Open Innovation
The New Imperative for Creating and Profiting from Technology
by Henry Chesbrough
Harvard Business School Press, 2003. 195 pages
This month I turned back time for some background reading on open innovation. 20 years ago, in 2023, Henry Chesbrough published Open Innovation: The New Imperative for Creating and Profiting from Technology. He focuses in this book on case studies describing how large technology companies managed research and development in the last millennium. Although the author aims at remaining objective, the case studies he presents try to show the advantages of open innovation over proprietary research. I found the cases rather descriptive and had a challenging time distilling the message that Chesbrough wants to send.
Let me first have a look at the ideas presented in this book, before challenging some of them. First, and I believe that this is critical, the author defines the term innovation and explains the difference between invention and innovation. An innovation is an invention that is implemented and taken to the market. Here, the first question pops up in my mind. Is, and should, research be about innovations, or should it be about inventions? Unfortunately, I am missing an answer, especially as inventions in the technology sector typically precede innovations. A second important observation is that innovation often demands a novel business model, in addition to an innovative product or service offering.

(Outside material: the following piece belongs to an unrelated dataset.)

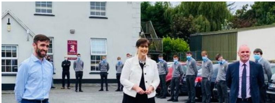
Minister Norma Foley Education & Skills visiting our school on the 3rd of September

This school year had a very exciting start with a visit from Minister of Education & Skills Norma Foley on the 3 rd of September to Leaving Certificate students who were collecting their results. On the day the Minister spoke to the current cohort of Leaving Certificate students.

After having set the stage in chapter one about Innovation in the 21st century as the tale of two models, the author describes the achievements and limits of closed innovation through the famous Xerox PARC case. He tries to answer the question of why so many inve tions from PARC turned into successful innovations but yielded little value to its shareholders. He identifies the root cause in the innovation process, a vertically integrated approach within the four walls of the company. Indeed, Xerox executed a sizable number of research projects, but only exploited those that were aligned with its core business model. Also, results were often shelved or left the company with their inventors. While I concur with Chesbrough’s reasoning, I am unsure that other innovation processes would have led to some of the key inventions, like PostScript, graphical user interfaces, or the Ethernet. I am challenging the idea that the inventions, especially those requiring expensive equipment, could have grown out of open knowledge pools as suggested by the open innovation model. In contrast with the closed innovation model, chapter three presents the open innovation paradigm and chapter four puts it into perspective, focusing on business models, connecting internal and external innovations. He describes his reasoning using the Xerox Model 914 Copier case, competing with Japanese low-end copier models. Through a detailed description of the transformation of IBM, the author presents ideas about how to transform a firm from closed to open innovation, focusing on available options and challenges faced. He studies the concepts of intellectual property and licensing in detail.
On the other extreme of the innovation spectrum, when comparing the Xerox PARC approach, sits the open innovation approach of Intel. Intel did not contact much basic research by itself. It relied extensively on research by others, often finance through Intel’s VC arm Intel Capital. Lucent Technologies, a remand of the breakup of Bell Laboratories, heavily focused on its new venture group model for innovation, that is, either developing ideas internally inside the existing business model, or creating new ventures and selling innovations, or licensing the intellectual property from the innovations.
In the last chapter, Chesbrough proposes ideas on how to manage the transition, both strategically and tactically, towards open innovation.
After having finished reading this book, I have mixed feeling. I am missing the consolidation of the inside game. The author spends too much time on details and case specificities and too little time on generalising. This may be explained by the state of knowledge about open innovation, 20 years ago. The bigger challenge I have with Chesbrough’s reasoning is the lack of confounders analysis. What do I mean by that? You need a certain environment to innovate, an environment that allows for sometimes taking the wrong path and having ample time and no pressure. I question the basic premise that the key to any technology innovation is knowledge and knowledge is available on the open market. For example, I would challenge that transistors or superconductivity would have been invented in an open innovation model. To me, open innovation focuses too much on taking inventions to the market and misses the fundamental idea generation found in closed innovation models. I believe we need both, and recent trends favouring open innovation models are very risky. As such, this book provides a solid background but only covers it in a biased (towards opening innovation) and limited way the relevant questions.
As always, this is my personal subjective assessment of the book Open Innovation with which you may or may not agree. Any well-argued opinions, whether in agreement or not, are welcome!